What you should do: For this exercise, output the entries below exactly from the line that holds "po zraku ..." to the line that holds "இலவசமாக வழங்கப்படும் மருத்துவ", both ends included. No pictures belong in the copy.

Collection entries
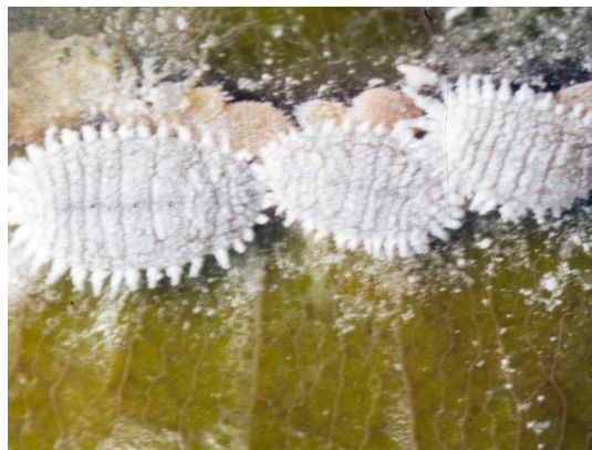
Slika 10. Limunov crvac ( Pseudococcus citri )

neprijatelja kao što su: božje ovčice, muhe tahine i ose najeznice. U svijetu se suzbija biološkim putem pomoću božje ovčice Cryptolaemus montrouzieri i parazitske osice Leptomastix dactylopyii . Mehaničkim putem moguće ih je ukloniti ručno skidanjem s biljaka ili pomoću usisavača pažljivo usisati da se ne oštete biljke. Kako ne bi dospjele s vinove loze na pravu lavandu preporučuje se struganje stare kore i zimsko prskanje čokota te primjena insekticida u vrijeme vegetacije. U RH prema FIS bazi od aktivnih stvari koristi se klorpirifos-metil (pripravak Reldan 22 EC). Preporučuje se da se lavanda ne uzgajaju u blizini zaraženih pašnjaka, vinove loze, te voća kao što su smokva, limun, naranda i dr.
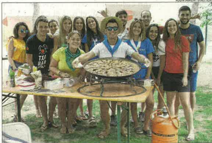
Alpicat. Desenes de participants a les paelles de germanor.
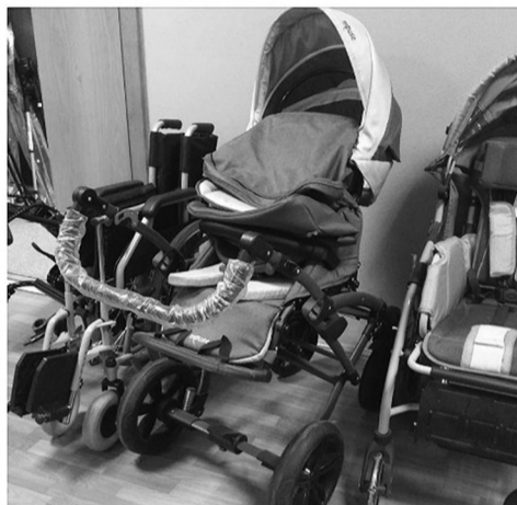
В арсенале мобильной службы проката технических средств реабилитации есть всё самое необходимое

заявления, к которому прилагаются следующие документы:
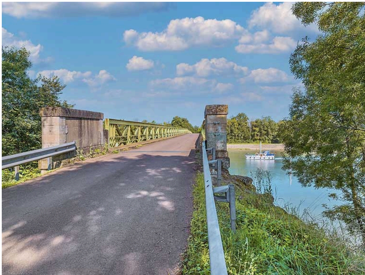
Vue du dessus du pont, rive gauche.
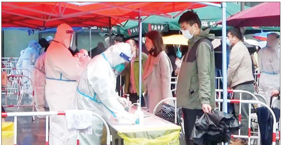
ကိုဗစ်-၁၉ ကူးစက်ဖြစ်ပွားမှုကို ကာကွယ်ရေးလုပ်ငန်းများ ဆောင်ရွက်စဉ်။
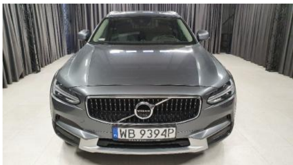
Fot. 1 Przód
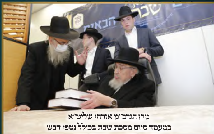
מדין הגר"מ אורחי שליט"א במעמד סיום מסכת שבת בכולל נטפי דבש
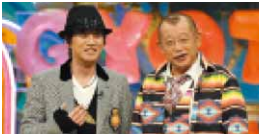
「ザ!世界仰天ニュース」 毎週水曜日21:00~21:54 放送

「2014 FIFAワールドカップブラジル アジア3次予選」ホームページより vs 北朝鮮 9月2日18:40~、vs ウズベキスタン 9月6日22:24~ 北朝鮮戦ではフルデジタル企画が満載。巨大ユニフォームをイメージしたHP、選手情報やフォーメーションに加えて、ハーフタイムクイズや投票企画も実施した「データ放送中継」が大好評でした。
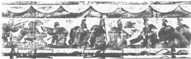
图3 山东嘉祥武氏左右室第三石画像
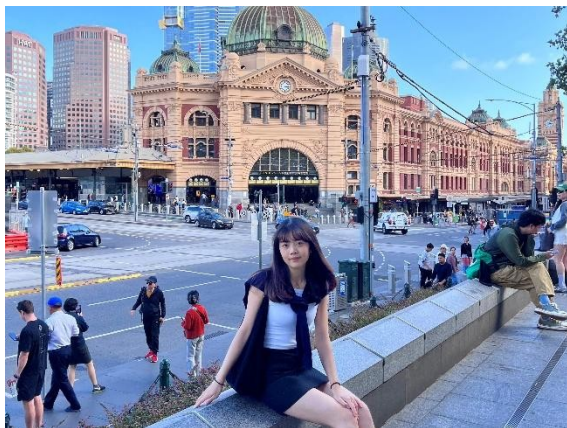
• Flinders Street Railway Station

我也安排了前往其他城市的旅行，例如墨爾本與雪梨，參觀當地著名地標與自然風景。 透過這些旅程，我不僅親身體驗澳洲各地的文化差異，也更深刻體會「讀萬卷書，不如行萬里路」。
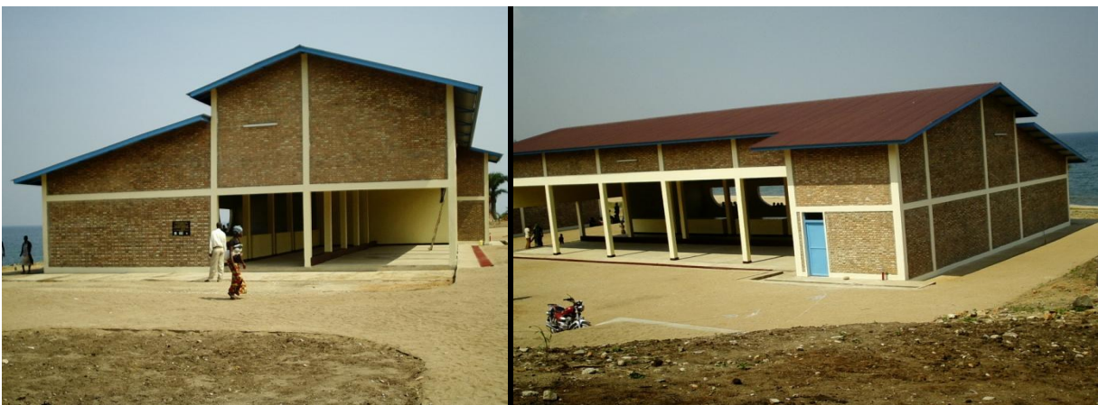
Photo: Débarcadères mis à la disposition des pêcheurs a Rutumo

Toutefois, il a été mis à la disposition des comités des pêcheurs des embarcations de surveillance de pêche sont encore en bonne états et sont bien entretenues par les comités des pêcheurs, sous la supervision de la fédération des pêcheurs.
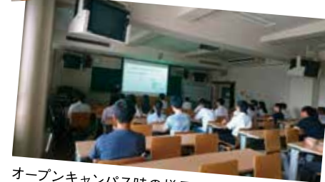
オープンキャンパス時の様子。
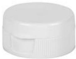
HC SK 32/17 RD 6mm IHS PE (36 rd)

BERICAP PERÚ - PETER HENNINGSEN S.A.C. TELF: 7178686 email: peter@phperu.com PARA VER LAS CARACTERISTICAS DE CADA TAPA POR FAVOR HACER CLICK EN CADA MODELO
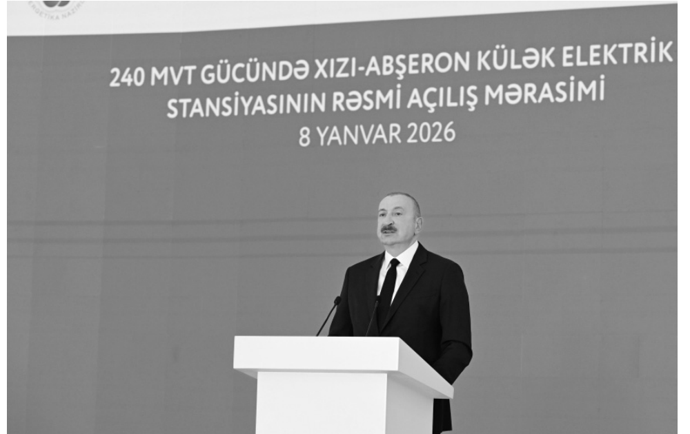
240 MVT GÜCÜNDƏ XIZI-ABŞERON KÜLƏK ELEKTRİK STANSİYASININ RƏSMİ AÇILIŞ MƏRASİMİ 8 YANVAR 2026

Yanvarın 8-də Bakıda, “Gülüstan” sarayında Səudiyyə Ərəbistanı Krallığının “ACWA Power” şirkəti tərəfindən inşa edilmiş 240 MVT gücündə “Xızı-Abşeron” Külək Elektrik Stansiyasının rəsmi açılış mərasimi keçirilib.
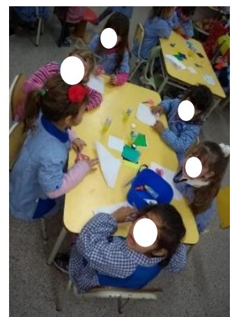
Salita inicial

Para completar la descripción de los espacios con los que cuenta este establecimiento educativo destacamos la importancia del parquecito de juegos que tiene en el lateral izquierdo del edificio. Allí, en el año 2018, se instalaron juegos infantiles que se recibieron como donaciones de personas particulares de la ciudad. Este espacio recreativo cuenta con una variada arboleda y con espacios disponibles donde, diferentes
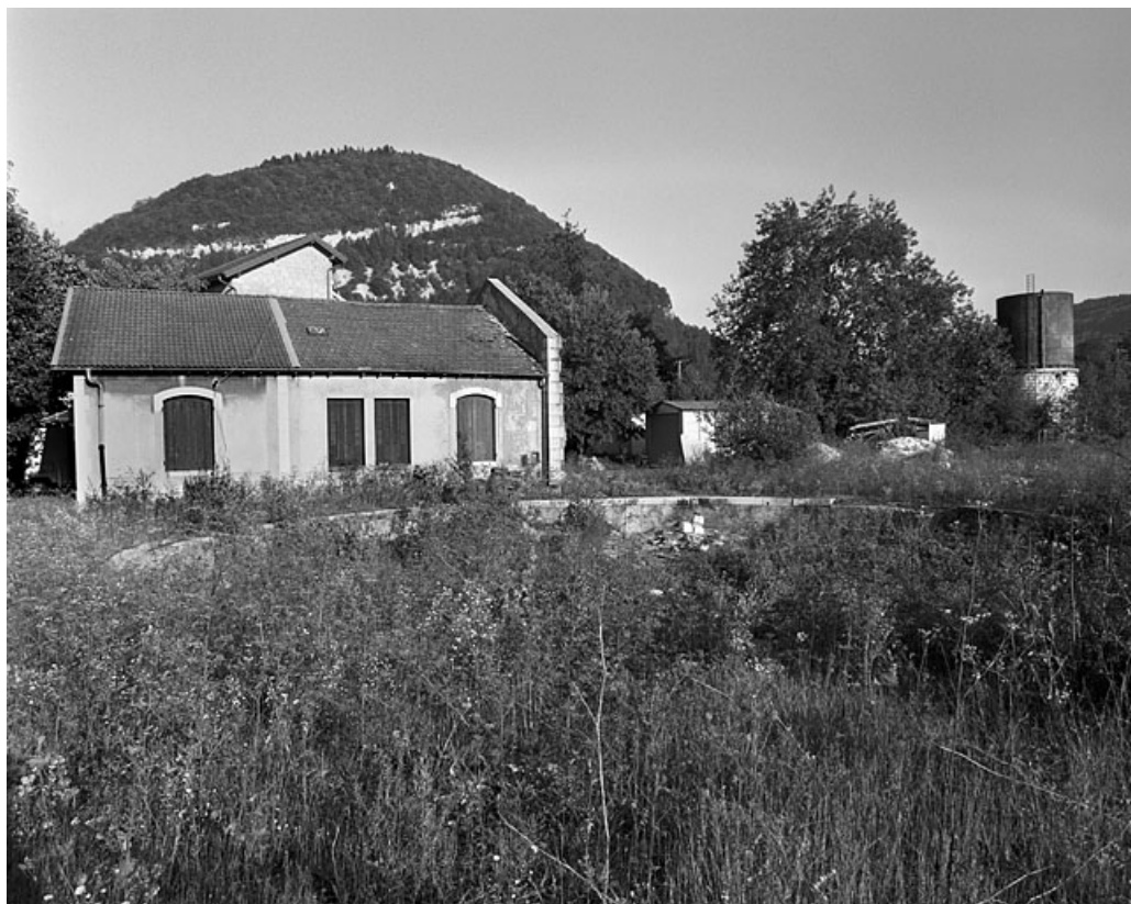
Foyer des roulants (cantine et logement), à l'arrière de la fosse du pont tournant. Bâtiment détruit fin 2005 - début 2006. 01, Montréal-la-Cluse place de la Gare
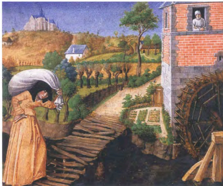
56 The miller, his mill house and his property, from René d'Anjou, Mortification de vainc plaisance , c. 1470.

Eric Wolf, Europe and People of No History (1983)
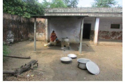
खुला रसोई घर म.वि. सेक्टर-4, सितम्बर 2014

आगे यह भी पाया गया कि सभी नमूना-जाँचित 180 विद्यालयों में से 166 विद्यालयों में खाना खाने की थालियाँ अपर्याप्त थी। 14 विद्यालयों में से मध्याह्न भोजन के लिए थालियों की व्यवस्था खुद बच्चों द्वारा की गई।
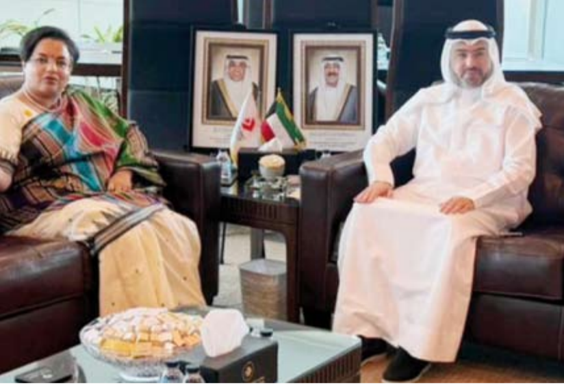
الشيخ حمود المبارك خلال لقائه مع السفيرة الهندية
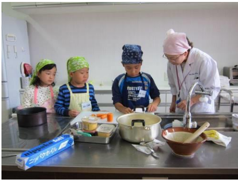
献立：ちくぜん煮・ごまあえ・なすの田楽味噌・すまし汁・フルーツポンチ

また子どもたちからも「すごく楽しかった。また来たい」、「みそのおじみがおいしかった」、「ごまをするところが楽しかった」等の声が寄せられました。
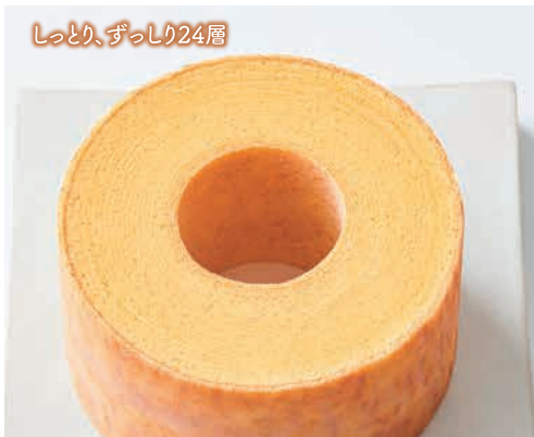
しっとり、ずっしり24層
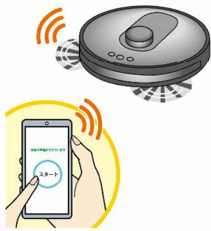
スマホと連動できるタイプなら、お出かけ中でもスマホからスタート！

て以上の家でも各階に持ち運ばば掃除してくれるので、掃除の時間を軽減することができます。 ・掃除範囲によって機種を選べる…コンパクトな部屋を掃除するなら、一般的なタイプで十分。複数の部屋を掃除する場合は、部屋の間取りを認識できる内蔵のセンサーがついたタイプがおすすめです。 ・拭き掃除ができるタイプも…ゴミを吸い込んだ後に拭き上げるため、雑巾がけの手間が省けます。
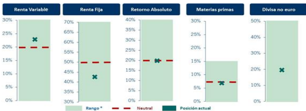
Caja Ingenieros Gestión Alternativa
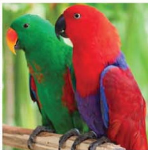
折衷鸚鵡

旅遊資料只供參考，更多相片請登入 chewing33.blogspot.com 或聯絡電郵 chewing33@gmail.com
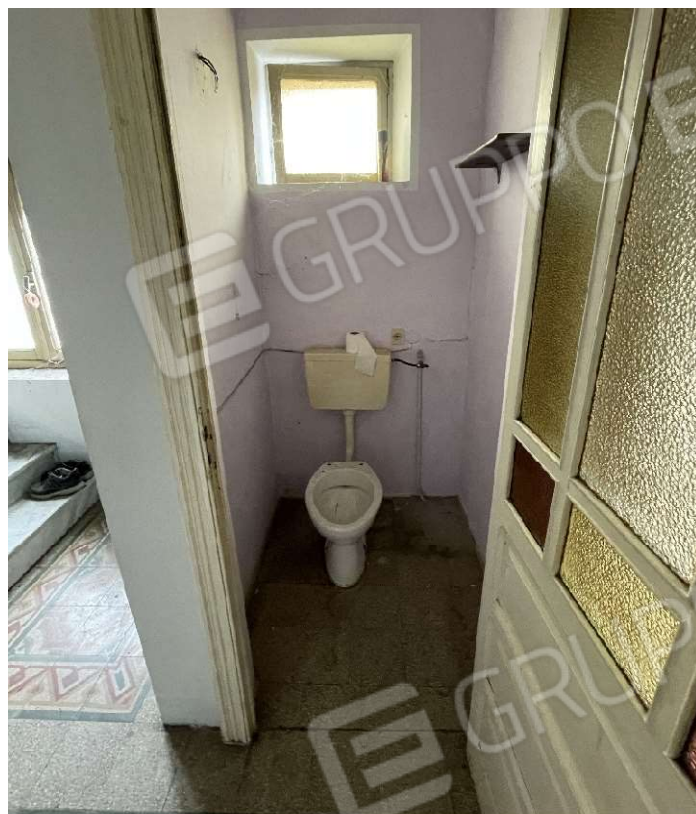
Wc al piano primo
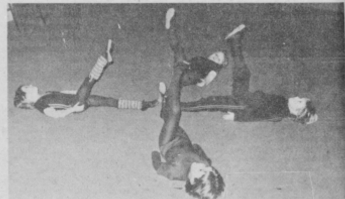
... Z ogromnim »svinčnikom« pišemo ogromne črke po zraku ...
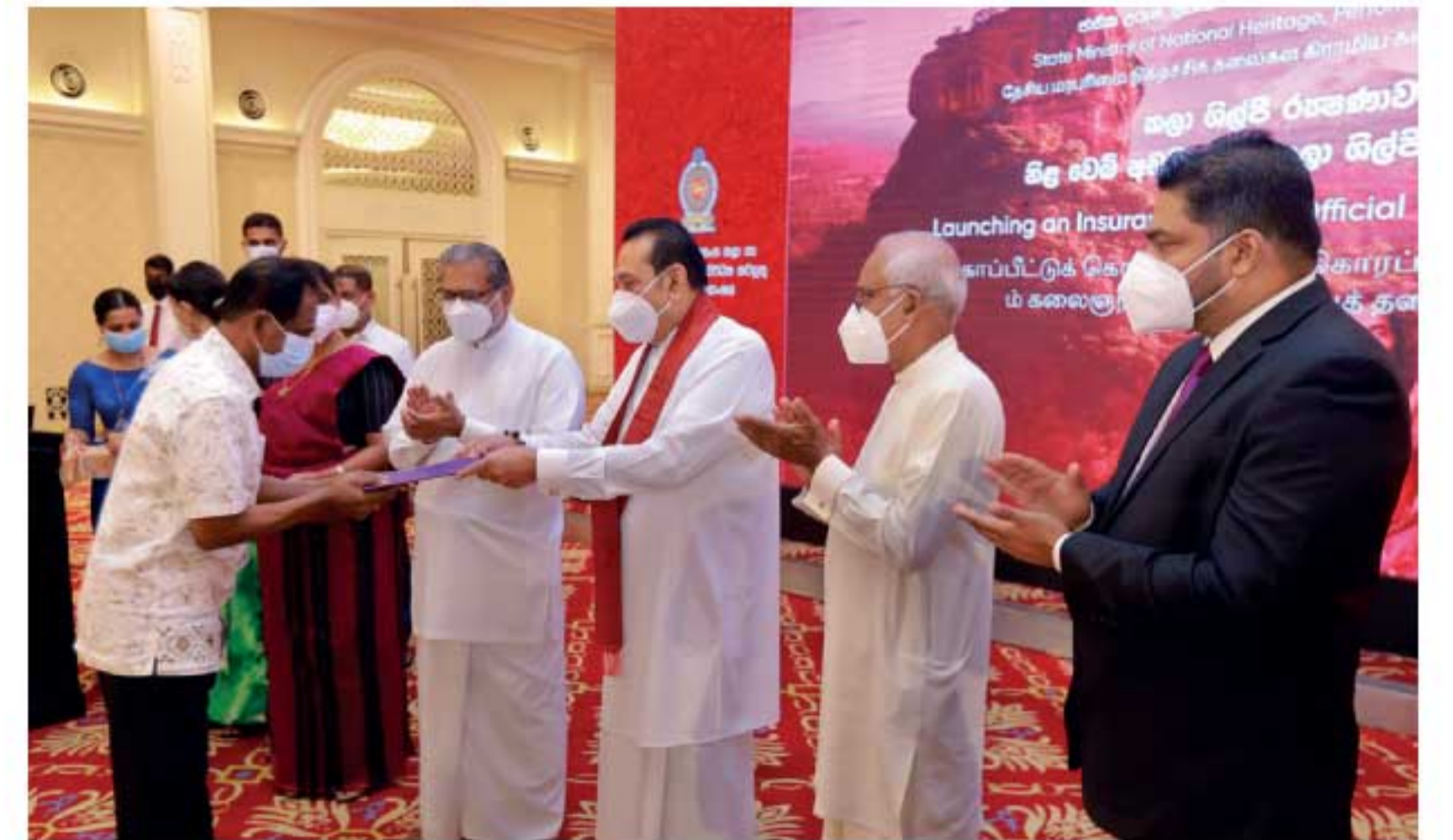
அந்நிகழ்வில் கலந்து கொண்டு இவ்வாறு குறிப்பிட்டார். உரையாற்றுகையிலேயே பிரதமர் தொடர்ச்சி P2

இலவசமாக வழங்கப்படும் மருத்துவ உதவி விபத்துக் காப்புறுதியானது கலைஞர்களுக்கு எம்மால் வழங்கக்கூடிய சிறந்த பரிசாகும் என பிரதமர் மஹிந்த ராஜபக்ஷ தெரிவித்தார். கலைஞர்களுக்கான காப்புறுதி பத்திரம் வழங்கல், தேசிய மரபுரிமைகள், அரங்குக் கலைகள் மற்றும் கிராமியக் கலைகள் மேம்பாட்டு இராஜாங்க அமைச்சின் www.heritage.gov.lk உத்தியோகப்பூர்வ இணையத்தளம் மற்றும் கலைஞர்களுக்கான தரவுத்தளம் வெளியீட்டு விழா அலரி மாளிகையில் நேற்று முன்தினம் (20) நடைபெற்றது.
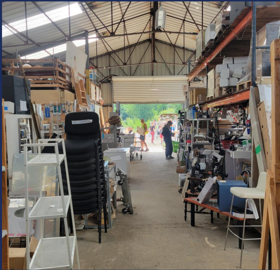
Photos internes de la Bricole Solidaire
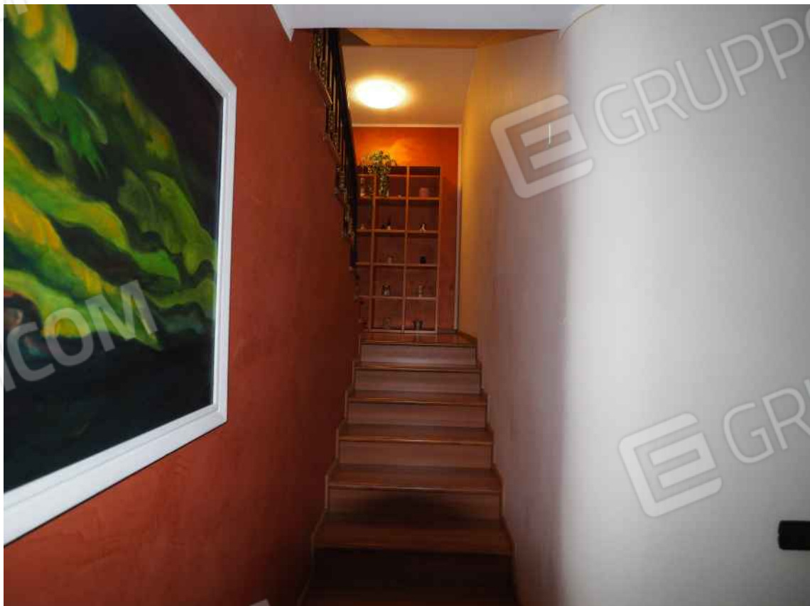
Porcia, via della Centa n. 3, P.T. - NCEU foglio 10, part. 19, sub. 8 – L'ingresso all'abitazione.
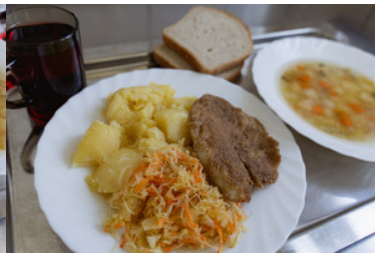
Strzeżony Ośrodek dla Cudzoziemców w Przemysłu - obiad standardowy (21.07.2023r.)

Written answer:
... Z ogromnim »svinčnikom« pišemo ogromne črke po zraku ...
அந்நிகழ்வில் கலந்து கொண்டு இவ்வாறு குறிப்பிட்டார். உரையாற்றுகையிலேயே பிரதமர் தொடர்ச்சி P2

இலவசமாக வழங்கப்படும் மருத்துவ உதவி விபத்துக் காப்புறுதியானது கலைஞர்களுக்கு எம்மால் வழங்கக்கூடிய சிறந்த பரிசாகும் என பிரதமர் மஹிந்த ராஜபக்ஷ தெரிவித்தார். கலைஞர்களுக்கான காப்புறுதி பத்திரம் வழங்கல், தேசிய மரபுரிமைகள், அரங்குக் கலைகள் மற்றும் கிராமியக் கலைகள் மேம்பாட்டு இராஜாங்க அமைச்சின் www.heritage.gov.lk உத்தியோகப்பூர்வ இணையத்தளம் மற்றும் கலைஞர்களுக்கான தரவுத்தளம் வெளியீட்டு விழா அலரி மாளிகையில் நேற்று முன்தினம் (20) நடைபெற்றது.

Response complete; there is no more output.